Volga en flammes (1934) de Viktor Tourjansky

Volga en flammesDans la Russie tzariste du XIXe siècle, le jeune lieutenant Orloff est nommé dans une lointaine garnison sur les bords de la Volga. En route, il sauve la vie d’un homme lors d’une tempête de neige. Arrivé à destination, il tombe instantanément amoureux de la fille du colonel, ce qui lui vaut l’inimitié durable du lieutenant Schalin, son ancien prétendant. Mais une menace bien plus importante pèse sur la garnison… Avec la vogue de l’exotisme dans le cinéma des années trente, il était logique que Victor Tourjansky, l’un des pionniers du cinéma russe venu se réfugier en France à la Révolution, réalise quelques films nous plongeant au coeur de la Russie. Il a effectivement tous les atouts pour bien en restituer toute l’atmosphère. Il adapte en premier la célèbre nouvelle de Pouchkine, La Fille du Capitaine, assez fidèlement même si le déroulement du scénario paraît quelque peu perfectible. De belles scènes d’extérieurs dans la neige, les chants mélancoliques donnent effectivement une belle atmosphère très russe (du moins à nos yeux d’occidentaux). Les acteurs principaux français sont nettement moins crédibles mais font une adéquate prestation. Danielle Darrieux (à 17 ans, déjà dans son septième film) est encore assez insignifiante ; elle n’a pas cette présence à l’écran qu’elle saura développer ensuite. Volga en flammes était un film assez rare mais a été récemment brillamment restauré.
Elle:
Lui : 2 étoiles

Acteurs: Albert Préjean, Valéry Inkijinoff, Danielle Darrieux, Raymond Rouleau, Henri Marchand
Voir la fiche du film et la filmographie de Viktor Tourjansky sur le site IMDB.

Volga en flammes
La scène d’ouverture de Volga en flammes de Viktor Tourjansky.

Volga en flammes
Danielle Darrieux et Albert Préjean dans Volga en flammes de Viktor Tourjansky.

1 novembre 2015

Mister Flow (1936) de Robert Siodmak

Mister FlowUn jeune avocat sans clients se voit confier la défense d’un domestique emprisonné pour avoir volé une épingle de cravate à son patron. Le domestique lui demande d’aller chercher une valise pour la remettre à la femme de son patron… Adaptation d’un roman de Gaston Leroux, le film Mister Flow réunit de grands talents et pourtant le résultat se révèle plutôt décevant. On peut même l’impression que chacun a tiré la couverture à lui : l’excellent dialoguiste Henri Jeanson fait du Jeanson et l’on a bien du mal à reconnaitre la paternité de Gaston Leroux dans cette histoire plutôt banale et qui est plus marquée par la comédie que par le mystère. Louis Jouvet, dans ses rares apparitions, a une fâcheuse tendance à rechercher la connivence avec le spectateur. En fait, si le film se regarde sans déplaisir, c’est surtout grâce à Fernand Gravey et Edwige Feuillère, tous deux charmants et surtout qui prennent visiblement plaisir à jouer. Mais l’ensemble est loin d’être remarquable.
Elle:
Lui : 2 étoiles

Acteurs: Fernand Gravey, Edwige Feuillère, Jean Périer, Vladimir Sokoloff, Louis Jouvet
Voir la fiche du film et la filmographie de Robert Siodmak sur le site IMDB.

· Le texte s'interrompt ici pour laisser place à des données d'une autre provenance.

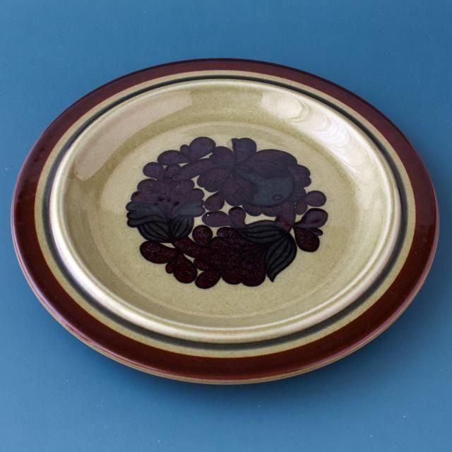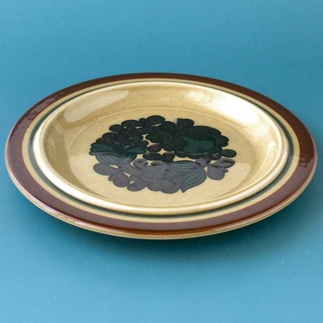 少し黄味がかった透明感のあるブラウンの釉薬にダークブラウンの力強い花模様が映えてとても美しいデザインです。

Voir les autres films de Robert Siodmak chroniqués sur ce blog…

Mister Flow
Edwige Feuillère et Fernand Gravey dans Mister Flow de Robert Siodmak.

Remarques :
* Parcours de Robert Siodmak : il tourne ses premiers films en Allemagne au tout début des années trente. Lorsque les nazis prennent le pouvoir, il se réfugie en France où il réalise plusieurs longs métrages, avant d’émigrer en 1940 aux Etats-Unis où il réalise de grands films noirs, tel The Killers avec Ava Gardner. Au milieu des années cinquante, il revient en Allemagne où il finira sa carrière.

11 octobre 2015

Chotard et Cie (1933) de Jean Renoir

Chotard et CieMonsieur Chotard (Fernand Charpin) est à la tête d’un commerce prospère d’alimentation et de nombreux employés. Sa fille a deux prétendants qui ne lui plaisent guère : un adjudant de gendarmerie et un poète sans le sou. Ce dernier ayant été vu seul avec sa fille lors d’un bal costumé, il est contraint de l’accepter comme gendre… Film assez rare de Jean Renoir, Chotard et Cie est tiré d’une pièce de Roger Ferdinand, qui en a écrit lui-même l’adaptation. Il s’agit d’une satire d’une certaine bourgeoisie étriquée qui rejette les artistes mais change totalement d’attitude s’ils parviennent à la célébrité. C’est assez maladroit et platement écrit. Sans surprise, Charpin fait un beau numéro dans son personnage de bourgeois ignare et tyrannique, engoncé dans ses principes, il nous gratifie de répliques savoureuses. Hélas, face à lui, Georges Pomiès est bien terne en poète lunaire, il ne fait que mettre en évidence l’aspect caricatural du propos, et Jeanne Boitel n’a aucune consistance. Chotard et Cie est semble t-il un film de commande, ce qui expliquerait que Renoir se soit finalement peu investi.
Elle:
Lui : 2 étoiles

Acteurs: Jeanne Boitel, Fernand Charpin, Georges Pomiès
Voir la fiche du film et la filmographie de Jean Renoir sur le site IMDB.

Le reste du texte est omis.